7.01.2015

CAPERUCITA





CAPERUCITA

El sol quemaba. Los cuerpos se derretían. El estar a remojo todo el día en la piscina o en la playa era la única solución para no morir de calor. La vida avanzaba con dificultad. Cualquier gesto, cualquier movimiento era agotador.

Sonó el teléfono y Caperucita (así la llamaban todos por su afán en llevar gorras deportivas) descolgó. Era otra vez la pesada de su abuela. Siempre le faltaba algo y a Caperucita le tocaba desplazarse para llevarle el pan, el agua o la leche a la otra punta de Campello. Lo hacía con desgana y por obligación. Si no hacía estos recaditos sus padres la castigaban. No podía ver la tele ni jugar con la Play-Station.

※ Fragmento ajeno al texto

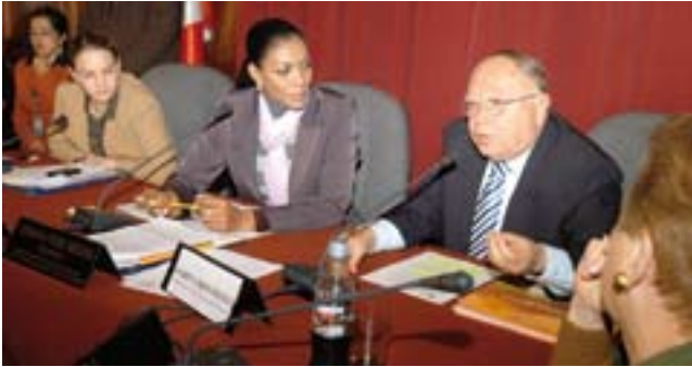
Presidente Cardó expone en comisión de Educación del Congreso de la República.

Regiones. El CNE ha fortalecido los espacios de intercambio sobre implementación y articulación de los proyectos educativos regionales (PER) y el Proyecto Educativo Nacional, en diálogo con los gobiernos regionales y los consejos participativos regionales- COPARE, y sus equipos técnicos o grupos impulsores. A su vez ha alentado y difundido los avances y logros en la implementación de los proyectos educativos regionales y algunos proyectos locales.

La abuela era muy rica pero le encantaba comprar todas las nuevas ofertas del supermercado. Si el arroz bajaba tres pesetas, ella compraba varios kilos. Ese día el supermercado ofrecía la miel y las galletas a unos precios bajísimos, pero como hacía tanto calor en la calle y el aire acondicionado funcionaba de maravilla en su chalet, la abuelita no tenía ganas de salir. Le dijo a su nieta que le trajera cuatro kilos de galletas y quince tarros de miel.

Caperucita estaba muy disgustada. Como sus padres trabajaban, no tenía ningún modo de locomoción para transportar tantas compras. A lo mejor alguna vecina podría acercarla a casa de la abuelita. Pero en el supermercado no vio a ninguna conocida que pudiese ayudarle.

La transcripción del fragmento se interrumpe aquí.